Function thread safety mapping

I was trying to locate if Group::Disband is safe to call anywhere or if it is not thread safe.
My assumption was that it is not thread safe since it is calling ObjectAccessor::FindConnectedPlayer, Player::GetGroup and Player::SetGroup
I tried tracking where Group::Disband is called and everywhere it was in opcode handlers that were marked as threadunsafe.
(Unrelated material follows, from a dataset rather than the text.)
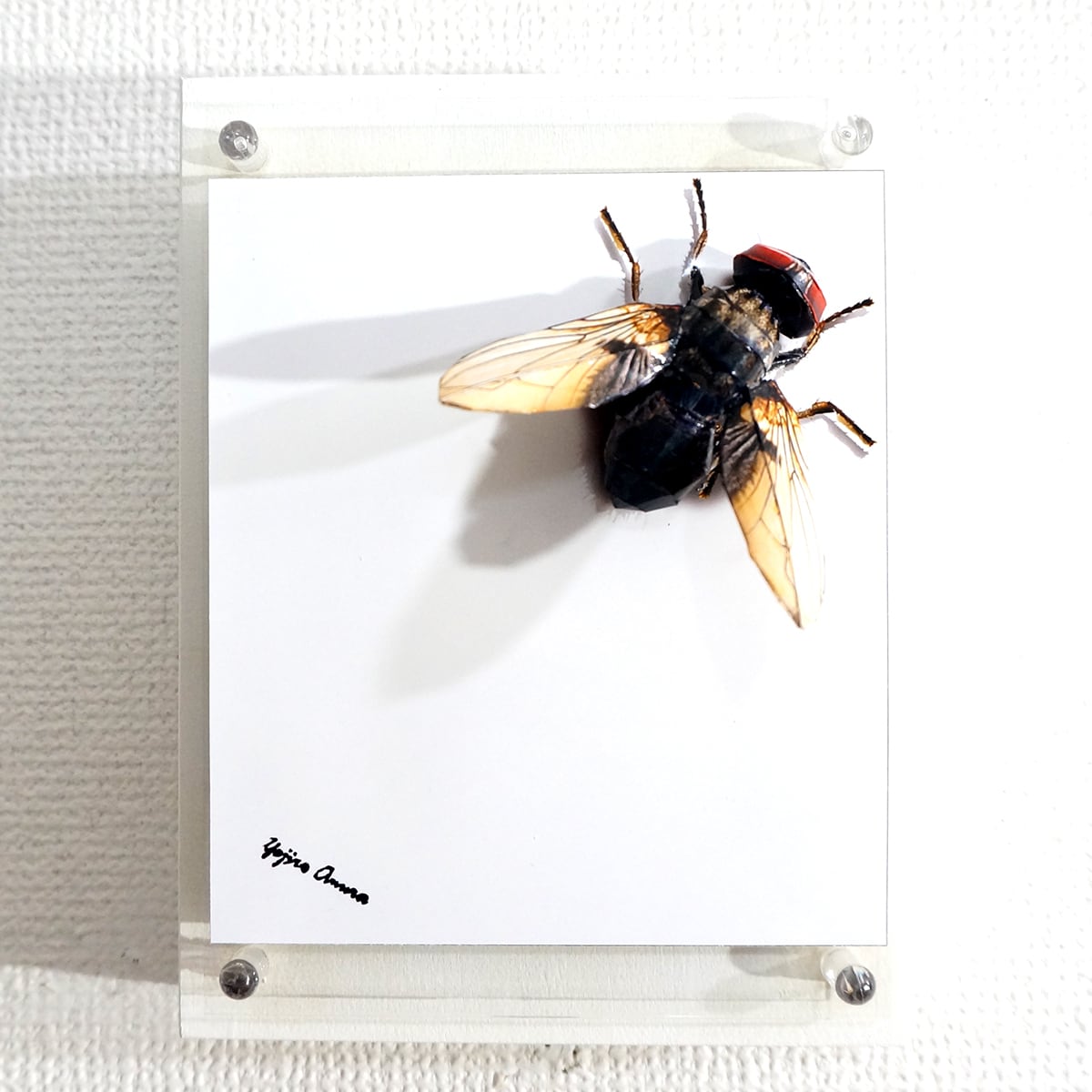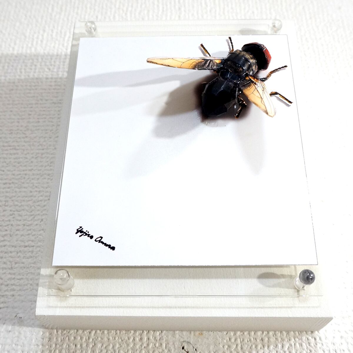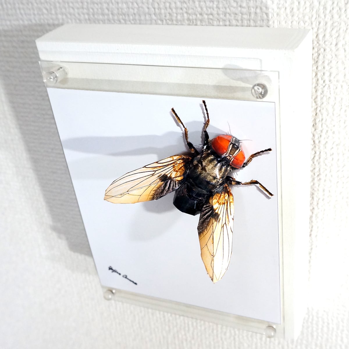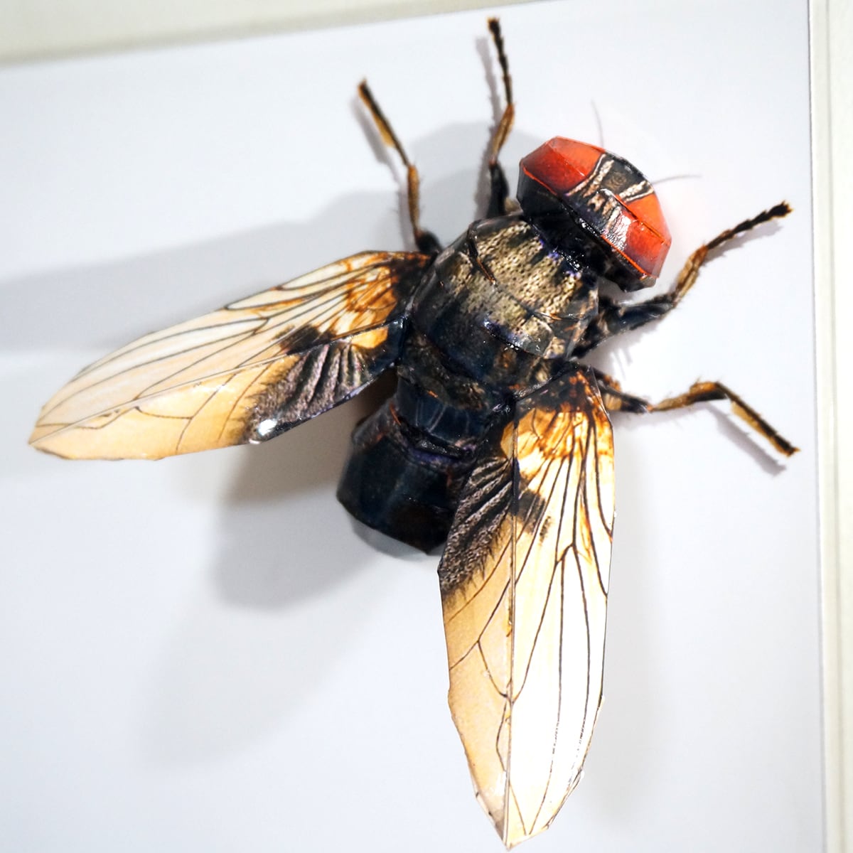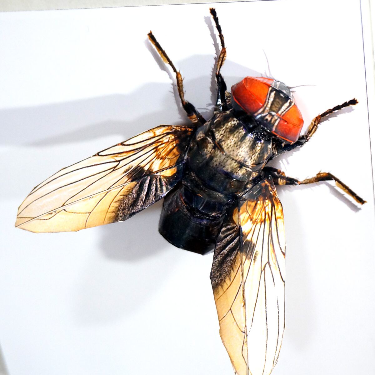 「ハエのコラージュ画像を作成しペーパークラフト技術を用いて立体的に表現した作品です。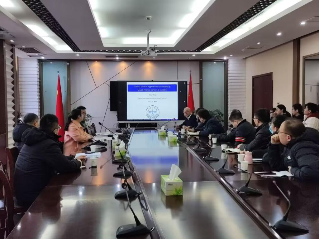 郑兵教授作了题为《Neural network approaches for computing Moore-Penrose inverse of a matrix》的学术报告,详细的介绍了神经网络算法的发展历史,递归神经网络模型,零神经网络模型以及具体的求解矩阵广义逆的神经网络算法模型,并就相关问题与师生展开了深入的探讨。之后,郑兵教授对我院国家自然科学基金申报工作进行了指导,尤其是对数值线性代数方向的申报书,从选题意义、研究背景、创新性等方面,给予了具体指导,提出了建设性的建议。

However I found one or more that were not threadunsafe.
WorldSession::HandleBfEntryInviteResponse is STATUS_LOGGEDIN, PROCESS_INPLACE, which would mean it is executed when received.
And since it seems packets are handled on a separate thread the code must be safe to call anywhere (is thread safe).
The function however calls Battlefield::PlayerAcceptInviteToWar which calls Battlefield::AddOrSetPlayerToCorrectBfGroup which calls Group::RemoveMember which calls Group::Disband
and that was assumed not to be thread safe.

Conclusion is that if someone sends the packet for HandleBfEntryInviteResponse and someone in the same group is also removed from the group in any other code (for example the normal group leave opcode?)
it would cause a race condition.

Is there something guaranteeing the safety or is this a possible race condition?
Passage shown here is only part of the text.